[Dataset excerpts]

*** Begin section ***

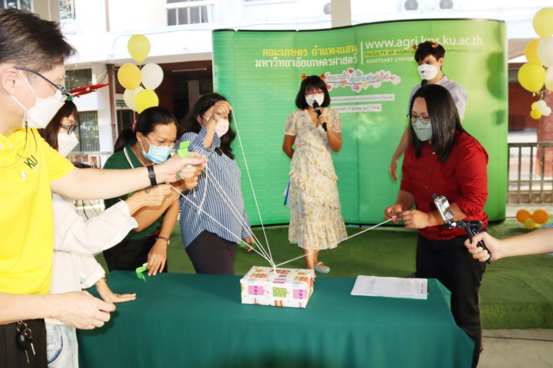 วันจันทร์ที่ 27 ธันวาคม พ.ศ. 2564 คณะเกษตร กำแพงแสน จัดกิจกรรม ร้อยดวงใจสู่ความสุขสดใส ประจำปี 2565 ภายใต้โครงการสร้างวัฒนธรรมและค่านิยมของบุคลากรคณะเกษตร กำแพงแสน โดย ได้รับเกียรติจาก ผู้ช่วยศาสตราจารย์ ดร.ชัยสิทธิ์ ทองจู คณบดีคณะเกษตร กำแพงแสน เป็นประธานกล่าวเปิดงาน มีกิจกรรมแนะนำบุคลากรใหม่ สันทนาการ และสุ่มมอบรางวัล มีผู้บริหาร คณาจารย์ และบุคลากร เข้าร่วมงาน ในรูปแบบ On-site ณ อาคารก่อประดิษฐ์สกุล คณะเกษตร กำแพงแสน และ รูปแบบ Online ผ่านระบบ WebEx กว่า 283 คน ทั้งยังมีผู้บริหารจากหน่วยงานต่างๆ ให้เกียรติร่วมในงาน
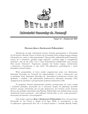 Numer 44 Październik 2009 Pierwszy Kurs o Duchowości Pallotyńskiej Zakończyło się pięć wakacyjnych kursów formacji permanentnej w Wieczerniku na Via Ferrari w Rzymie. Kursy te złożyły się na formację, która według naszego świętego Założyciela jest „sama w sobie permanentna”. Rzeczywiście, pallotyński profil formacyjny wyraża się w terminach: „podążać ciągle naprzód”; „wzrastać ciągle w ewangelicznej świętości”; „aby się nie cofać i żyć w coraz doskonalszym naśladowaniu życia naszego Pana Jezusa Chrystusa”. Tegoroczny program był bardzo bogaty, zróżnicowany i intensywny. Uczestniczyło w nim około 100 pallotynów, pochodzących z około dwudziestu różnych krajów. Warto przypomnieć, że kursy zostały zorganizowane przez trzy Sekretariaty: Sekretariat Generalny ds. Formacji był odpowiedzialny za kurs o duchowości oraz za spotkanie braci; Sekretariat Generalny ds. Apostolstwa koordynował również dwa spotkania: o mediach i dla pallotyńskich proboszczów; Sekretariat Generalny ZAK zaangażował się natomiast w przygotowanie spotkania animatorów ZAK. Te programy formacji permanentnej, pomimo poświęconego im czasu, energii i wydanych pieniędzy, przyczyniły się w znacznym stopniu do głębszego poznania zarówno naszego Założyciela, jak też jego duchowości. Jest bowiem czymś istotnym dla nas, aby posiadać uniwersalną wizję Rodziny Pallotyńskiej oraz bardziej jasną i mocną świadomość naszej tożsamości – jako pallotyni. Szkoda tylko, że tzw. „stare prowincje”, skorzystały tak niewiele z tych programów. Gdy chodzi o pierwszy Kurs o Duchowości Pallotyńskiej, który otworzył drzwi Wieczernika na Via Ferrari w dniach 01-10 lipca 2009r, to uczestniczyło w nim 14 pallotynów (zgłoszonych było 18) z 8 różnych krajów: z Australii, Brazylii, Polski, Rwandy, Kenii, Kamerunu, Indii i Ukrainy. Służebną posługę pełnili wobec nich jeden moderator i czterech tłumaczy (Nampudakam, Murphy, Małkiewicz, Dallazen i Stawicki). Jedenastu prelegentów, pallotynów i pallotynek, mężczyzn i kobiet, osób zakonnych i świeckich (Capretti, Turecka, Acerbi, Kupka, Todisco, Hanas, Celona, Murphy, Nampudakam, Montaldo i Stawicki) ukazało 12 różnorakich aspektów duchowości pallotyńskiej. Cała grupa, z wielkim entuzjazmem i zainteresowaniem, przemierzała szlaki św. Wincentego Pallottiego (Via del Pellegrino, Santo Spirito dei Napoletani, San Pantaleo, San Salvatore in Onda, Sapienza, Chiesa Nova, Santo Spirito in Sassia, Ponte Rotto, Regina Coeli, Pia Casa, Kolegium Irlandzkie, Kongregacja Rozkrzewiania Wiary, San Silvestro in Capite…), przeżywała bardzo znaczące celebracje liturgiczne, oraz uczestniczyła w dwudniowej formacji na temat ZAK razem z dwudziestką Sióstr Pallotynek Rzymskich i Pallotynek Misjonarek, które również przeżywały czas formacji permanentnej w Rzymie. Podczas Mszy św. na zakończenie kursu, której przewodniczył Przełożony Generalny w naszym kościele San Salvatore in Onda, ks. Friedrich Kretz podkreślił w homilii, że nie możemy już pozostawać tylko zwykłymi „widzami”, lecz musimy zanurzyć się w głębokim nurcie duchowości Pallottiego, aby jak najmocniej go poznać i pokochać. W środę, 8 lipca, wszyscy uczestniczyli w audiencji generalnej, podczas której papież Benedykt XVI zaprezentował swoją nową encyklikę społeczną Caritas in Veritate. Arcybiskup Giampaolo Crepaldi, sekretarz Papieskiej Rady Iustitia et Pax, opisał „gramatykę” tej encykliki w następującym określeniu: „otrzymanie poprzedza działanie”. Również uczestnicy Kursu o Duchowości Pallotyńskiej otrzymali wiele w pierwszych dniach lipca na Via Ferrari. Mamy nadzieję, że to co „otrzymali” na kursie, wpłynęło także na ich „działanie” po kursie. Rzeczywiście bowiem, „wiele zebrań się urządza w sprawie pobożnych dzieł – słusznie zauważa ks. Wincenty Pallotti – ale stosunkowo niewiele z nich osiąga cel, dla którego zostały one zwołane” (OOCC I, 121; Wybór Pism I, 269). Stwierdzenie Założyciela prowokuje do postawienia pytania: Czy kurs duchowości pallotyńskiej osiągnął cele, dla których został zwołany? Ks. Stanisław Stawicki SAC Rzym, Via Giuseppe Ferrari
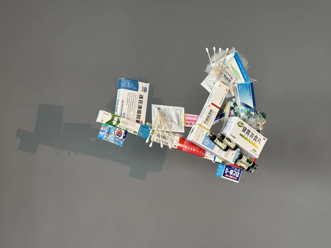 《非处方人生》通过解构日常医疗符号,以回收的废弃药盒为媒介构建了一个充满隐喻的装置作品。艺术家将数百个不同规格、色彩斑驳的药盒进行解构重组,形成具有有机形态的立体拼贴,其表面肌理呈现出一种病态的美学张力。当定点光源投射时,装置在展墙上投射出系列重复的佝偻剪影 — 这些被异化的劳动形象以机械般的韵律排列,与色彩杂陈的药盒本体构成视觉悖论。作品通过医药物资与劳动异化的双重意象并置,尖锐地指涉了当代社会中健康消费主义与生存压力之间的荒诞共生:人们不得不通过药物维系生产力,又在生产过程中持续消耗健康,陷入永动的生存悖论。这种精心设计的视觉辩证法,使观众在光影转换间直观感受到现代性困境中的身体政治。
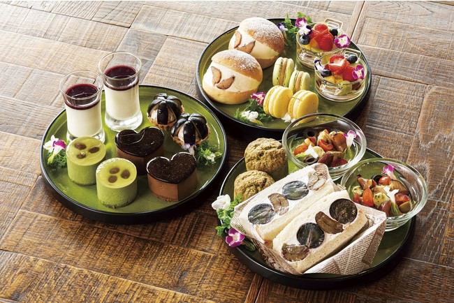 下段には、抹茶のスコーンや、ぶどうと渋皮甘栗をクリームでサンドした、ボリューム満点のサンドイッチ をお楽しみいただけます。
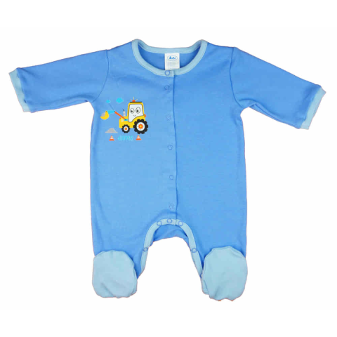 Különleges munkagépes mintával készült ez a kisfiú rugdalózó, amely még a legkisebb munkások számára is stílusos megjelenést biztosít. Az elöl patentos kialakítás nagy praktikumot hoz a mindennapi peluscserénél és öltöztetésnél, különösen újszülött babákn
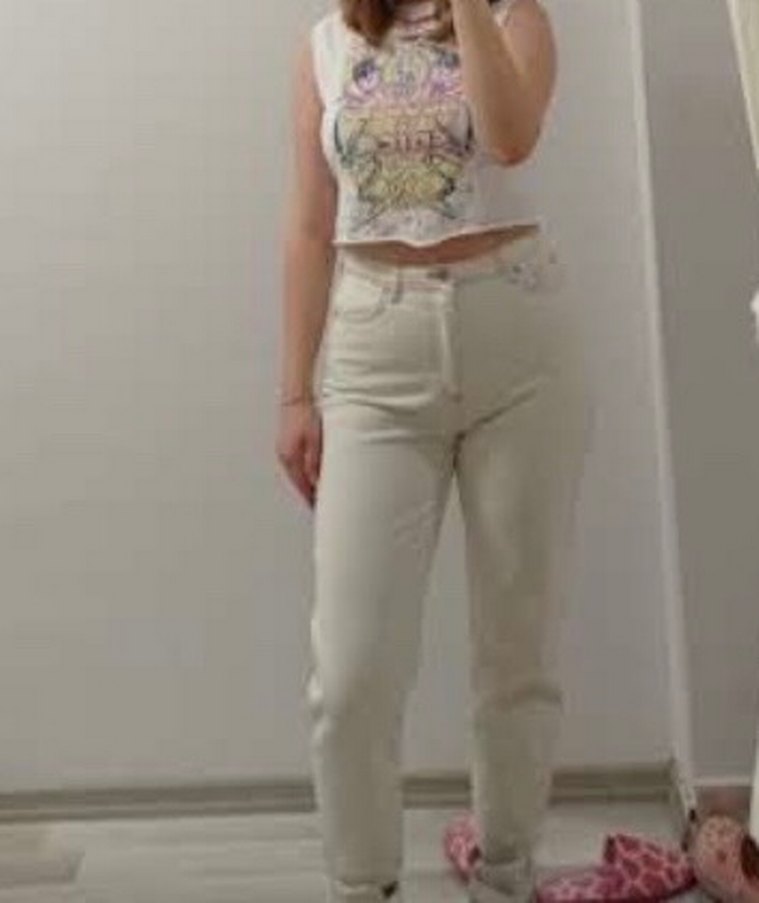 Beyaz pamuklu jean, rahat kesimi ve hafif bağlama desenleriyle günlük şıklık sunar.
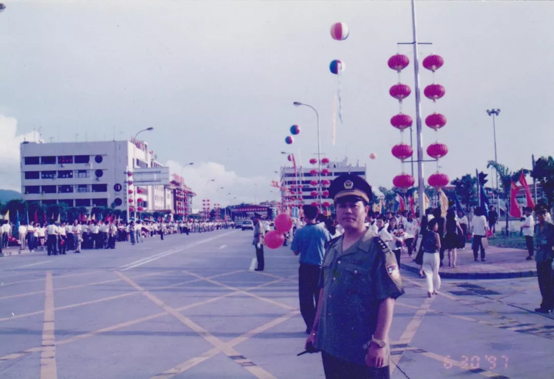讓我們把時鐘撥回到1985年,那一年5月,皇崗口岸正式動工興建,飛檐斗拱,美輪美奐,陽光下,黃色的琉璃瓦屋頂格外搶眼,白墻紅柱,一座極具中國風的口岸一點點清晰起來。與之一并推進籌建的便是皇崗口岸派出所的前身“深圳市公安局皇崗口岸分局”。據當年皇崗口岸分局時任政委賴魯濱回憶,1986年,分局籌建組10余人只能擠在口岸附近的一個鐵皮茅棚內開展各項籌備工作?!翱紤]到成立之初,日常的主要工作是維持通關貨柜車的交通秩序,所以組建時抽調的警員中,大部分來自交警隊伍?!辟圁敒I說。通過緊張有序地籌備,皇崗口岸分局于1987年正式批復予以成立。
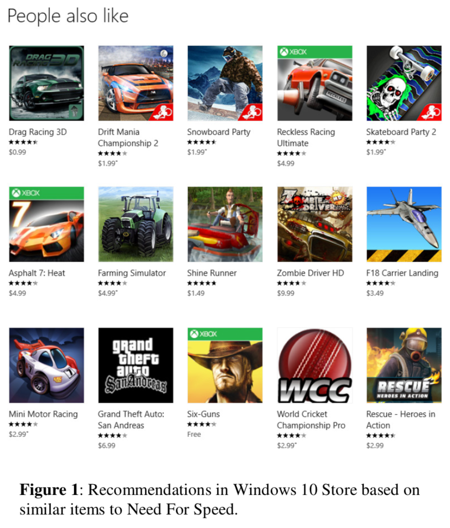 - 예를 들어 윈도우 10 앱 스토어에서, 각 앱이나 게임의 세부 정보 페이지에는 "People also like" 라는 제목의 유사한 다른 앱들의 리스트가 포함되어 있음.
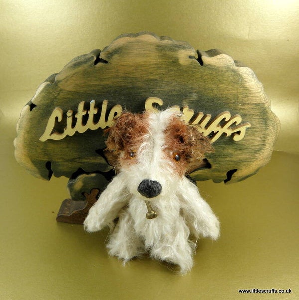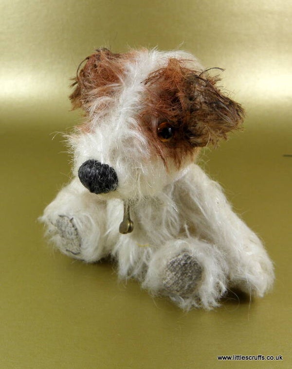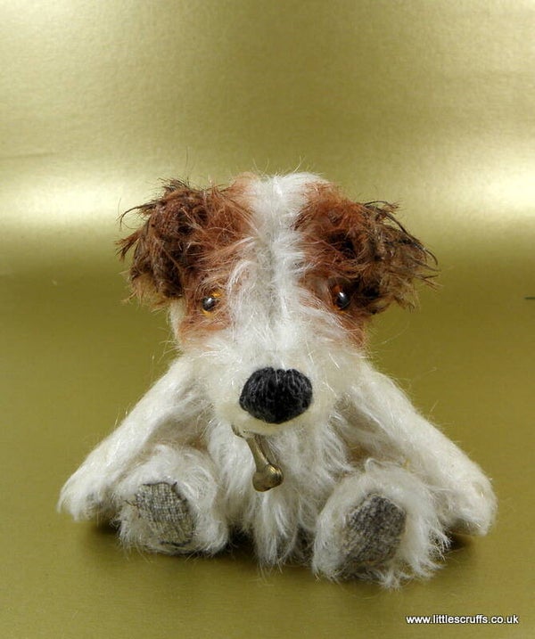 River is fully cotter pin jointed and stuffed with Kapok, with steel shot in his body for added weight. He comes wearing a dog bone on white ribbon around his neck.
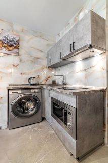 В нашем уютном жилье вы найдете просторную кухонную зону, укомплектованную гарнитуром, техникой и полным набором посуды на четыре персоны, что позволяет готовить любимые блюда. Удобный раскладной диван в спальной зоне обеспечит вам комфортный отдых и хороший сон. Это идеальное место для семейного отдыха или дружеских встреч.
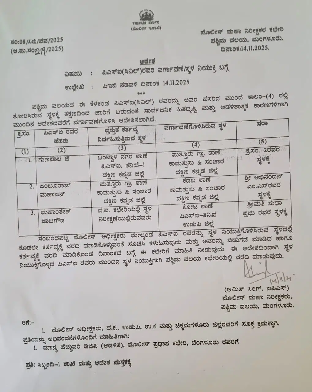 ಪಶ್ಚಿಮ ವಲಯ ಕಚೇರಿಯಲ್ಲಿ ಸ್ಥಳ ನಿರೀಕ್ಷಣೆಯಲ್ಲಿದ್ದ ಮಹಾಂತೇಶ್ ಜಾಬ ಗೌಡ ಅವರನ್ನು ಉಡುಪಿಯ ಕೋಟ ಠಾಣೆ (ತನಿಖೆ)ಗೆ ವರ್ಗಾವಣೆ
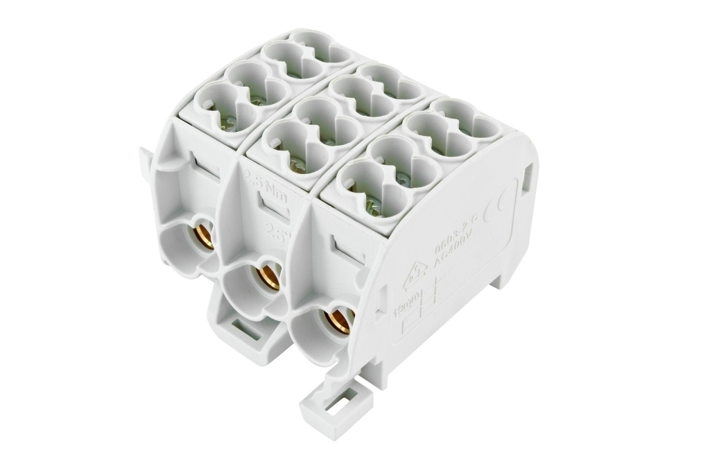 Svorkovnice rozbočovací HLAK 25//3 C L, 152A, 3pól., IP20, 1000V, 152A, 3-pólová, na 1 pól: 2x25mm2, 2x16mm2, CU, na DIN.
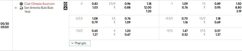 Bảng Tỷ lệ kèo bóng đá Olimpia vs San Antonio Bulo-Bulo
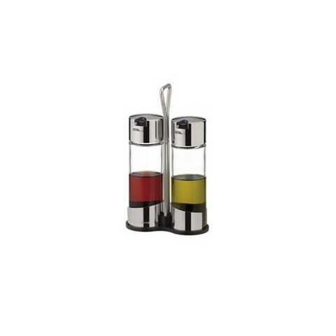 Állványos ecet-és olajtartó. Otthoni és professzionális-vendéglátóipari- használatra egyaránt kiválóan alkalmas. Anyaga: rozsdamentes acél ill. ellenálló műanyag. Könnyen használható.
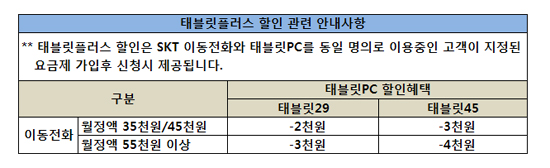 [Ãß°¡ ¿ä±ÝÁ¦ ÇýÅà ¾È³»] - ¹Ì»ç¿ë °í°´Àº Ãß°¡ÇÒÀÎ ¾øÀ½ 1.ÅÂºí¸´29_Ç÷¯½º35/45 : ±âÁ¸ SKT À̵¿ÀüÈ ¿ùÁ¤¾× 35/45 ¿ä±ÝÁ¦ »ç¿ë°í°´ÀÌ ±¸¸Å½Ã ¿ù2õ¿ø Ãß°¡ÇÒÀÎ. 2.ÅÂºí¸´45_Ç÷¯½º35/45 : ±âÁ¸ SKT À̵¿ÀüÈ ¿ùÁ¤¾× 35/45 ¿ä±ÝÁ¦ »ç¿ë°í°´ÀÌ ±¸¸Å½Ã ¿ù3õ¿ø Ãß°¡ÇÒÀÎ. 3.ÅÂºí¸´29_Ç÷¯½º55 : ±âÁ¸ SKT À̵¿ÀüÈ ¿ùÁ¤¾× 35/45 ¿ä±ÝÁ¦ »ç¿ë°í°´ÀÌ ±¸¸Å½Ã ¿ù3õ¿ø Ãß°¡ÇÒÀÎ. 4.ÅÂºí¸´45_Ç÷¯½º55 : ±âÁ¸ SKT À̵¿ÀüÈ ¿ùÁ¤¾× 35/45 ¿ä±ÝÁ¦ »ç¿ë°í°´ÀÌ ±¸¸Å½Ã ¿ù4õ¿ø Ãß°¡ÇÒÀÎ.

*** End section ***

Task objective
Output an exact copy of the lines from the one with "Bảng Tỷ lệ kèo" through the closing line of the records, inclusive, without any images.

Written answer
 Bảng Tỷ lệ kèo bóng đá Olimpia vs San Antonio Bulo-Bulo
 Állványos ecet-és olajtartó. Otthoni és professzionális-vendéglátóipari- használatra egyaránt kiválóan alkalmas. Anyaga: rozsdamentes acél ill. ellenálló műanyag. Könnyen használható.
 [Ãß°¡ ¿ä±ÝÁ¦ ÇýÅà ¾È³»] - ¹Ì»ç¿ë °í°´Àº Ãß°¡ÇÒÀÎ ¾øÀ½ 1.ÅÂºí¸´29_Ç÷¯½º35/45 : ±âÁ¸ SKT À̵¿ÀüÈ ¿ùÁ¤¾× 35/45 ¿ä±ÝÁ¦ »ç¿ë°í°´ÀÌ ±¸¸Å½Ã ¿ù2õ¿ø Ãß°¡ÇÒÀÎ. 2.ÅÂºí¸´45_Ç÷¯½º35/45 : ±âÁ¸ SKT À̵¿ÀüÈ ¿ùÁ¤¾× 35/45 ¿ä±ÝÁ¦ »ç¿ë°í°´ÀÌ ±¸¸Å½Ã ¿ù3õ¿ø Ãß°¡ÇÒÀÎ. 3.ÅÂºí¸´29_Ç÷¯½º55 : ±âÁ¸ SKT À̵¿ÀüÈ ¿ùÁ¤¾× 35/45 ¿ä±ÝÁ¦ »ç¿ë°í°´ÀÌ ±¸¸Å½Ã ¿ù3õ¿ø Ãß°¡ÇÒÀÎ. 4.ÅÂºí¸´45_Ç÷¯½º55 : ±âÁ¸ SKT À̵¿ÀüÈ ¿ùÁ¤¾× 35/45 ¿ä±ÝÁ¦ »ç¿ë°í°´ÀÌ ±¸¸Å½Ã ¿ù4õ¿ø Ãß°¡ÇÒÀÎ.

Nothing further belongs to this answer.